In `enforce` mode this policy **fails closed** (HTTP 502) on any moderator error; `observe`
mode records and passes through.

```json theme={null}
{
  "slug": "openai_moderation",
  "settings": {
    "api_key": "sk-…",
    "stages": ["pre_request"],
    "thresholds": { "harassment": 0.7, "hate": 0.5 },
    "block_on_flagged": true
  }
}
```

## Azure Content Safety

The **`azure_content_safety`** policy screens request content with the Azure AI Content Safety
Analyze Text API and blocks categories whose severity meets the configured threshold.

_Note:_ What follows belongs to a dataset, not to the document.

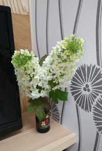 我が家には花器があまりないので、娘の写真入りビールの空瓶やドレッシング、ジュースの瓶も活用しましたぁ

| Setting             | Type    | Default              | Notes                                                                               |
| ------------------- | ------- | -------------------- | ----------------------------------------------------------------------------------- |
| `api_key`           | string  | —                    | Azure subscription key (`Ocp-Apim-Subscription-Key`). **Required.**                 |
| `endpoint`          | string  | —                    | Absolute Analyze Text endpoint URL. **Required.**                                   |
| `output_type`       | enum    | `FourSeverityLevels` | `FourSeverityLevels` (0/2/4/6) or `EightSeverityLevels` (0–7).                      |
| `categories`        | enum\[] | all                  | `Hate`, `Violence`, `SelfHarm`, `Sexual`.                                           |
| `category_severity` | map     | —                    | Per-category severity threshold; only listed categories are enforced. **Required.** |
| `message`           | string  | —                    | Optional block message.                                                             |

Fails closed in `enforce` mode.

```json theme={null}
{
  "slug": "azure_content_safety",
  "settings": {
    "api_key": "…",
    "endpoint": "https://<resource>.cognitiveservices.azure.com/contentsafety/text:analyze?api-version=2024-09-01",
    "category_severity": { "Hate": 4, "Violence": 4 }
  }
}
```

## AWS Bedrock guardrail

The **`bedrock_guardrail`** policy applies an AWS Bedrock guardrail to request prompts and/or
responses. It inspects the topic,
content, word, sensitive-information (PII), and contextual-grounding policy families configured
on the guardrail, and blocks with a `403` or anonymizes PII in place. Streaming responses pass
through untouched.

| Setting        | Type   | Default | Notes                                                                        |
| -------------- | ------ | ------- | ---------------------------------------------------------------------------- |
| `guardrail_id` | string | —       | AWS Bedrock guardrail identifier. **Required.**                              |
| `version`      | string | `DRAFT` | Guardrail version.                                                           |
| `pii_action`   | enum   | `block` | On sensitive-info match: `block` or `anonymize`.                             |
| `message`      | string | —       | Optional block message.                                                      |
| `credentials`  | object | —       | AWS auth (region, static keys **or** `use_role` + `role_arn`). **Required.** |

```json theme={null}
{
  "slug": "bedrock_guardrail",
  "settings": {
    "guardrail_id": "abcd1234",
    "version": "DRAFT",
    "pii_action": "anonymize",
    "credentials": { "aws_region": "us-east-1", "use_role": true, "role_arn": "arn:aws:iam::…:role/…" }
  }
}
```

***

## Choosing a guardrail

* **`trustguard`** — the richest, NeuralTrust-native detection; use it as the primary
  guardrail and correlate its findings with [Telemetry Alerts](/platform/alerts).
* **`openai_moderation` / `azure_content_safety`** — lightweight content moderation if you
  already use those providers.
* **`bedrock_guardrail`** — reuse guardrails you've already defined in AWS Bedrock, including
  in-place PII anonymization.

Guardrails compose: run several in one policy chain (e.g. TrustGuard on the request plus a
Bedrock guardrail for PII anonymization on the response).